───── INFORMATION PROVIDED

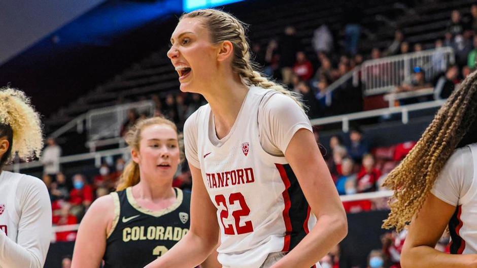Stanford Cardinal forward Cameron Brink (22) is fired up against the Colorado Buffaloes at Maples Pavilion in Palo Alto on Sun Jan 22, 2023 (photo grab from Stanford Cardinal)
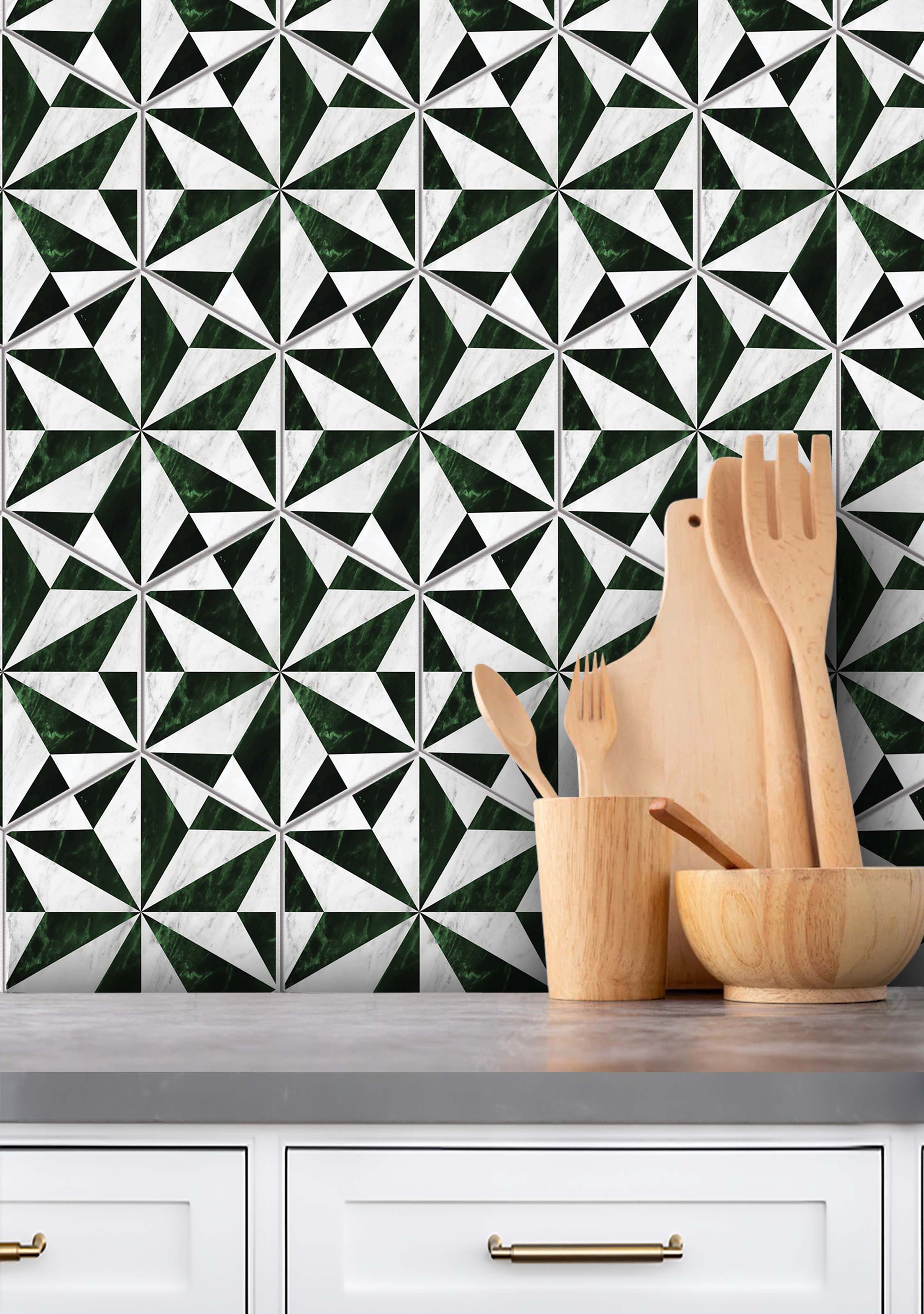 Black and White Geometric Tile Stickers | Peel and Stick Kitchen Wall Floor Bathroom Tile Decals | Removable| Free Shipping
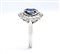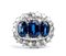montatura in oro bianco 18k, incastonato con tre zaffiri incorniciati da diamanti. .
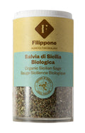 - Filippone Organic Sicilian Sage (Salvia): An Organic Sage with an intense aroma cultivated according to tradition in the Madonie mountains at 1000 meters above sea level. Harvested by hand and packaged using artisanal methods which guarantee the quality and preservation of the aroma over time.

──────────

* PROBLEM DETAILS
Go through the listing and restate each line word for word, leaving out the pictures.

* WRITTEN RESPONSE
Stanford Cardinal forward Cameron Brink (22) is fired up against the Colorado Buffaloes at Maples Pavilion in Palo Alto on Sun Jan 22, 2023 (photo grab from Stanford Cardinal)
 Black and White Geometric Tile Stickers | Peel and Stick Kitchen Wall Floor Bathroom Tile Decals | Removable| Free Shipping
montatura in oro bianco 18k, incastonato con tre zaffiri incorniciati da diamanti. .
 - Filippone Organic Sicilian Sage (Salvia): An Organic Sage with an intense aroma cultivated according to tradition in the Madonie mountains at 1000 meters above sea level. Harvested by hand and packaged using artisanal methods which guarantee the quality and preservation of the aroma over time.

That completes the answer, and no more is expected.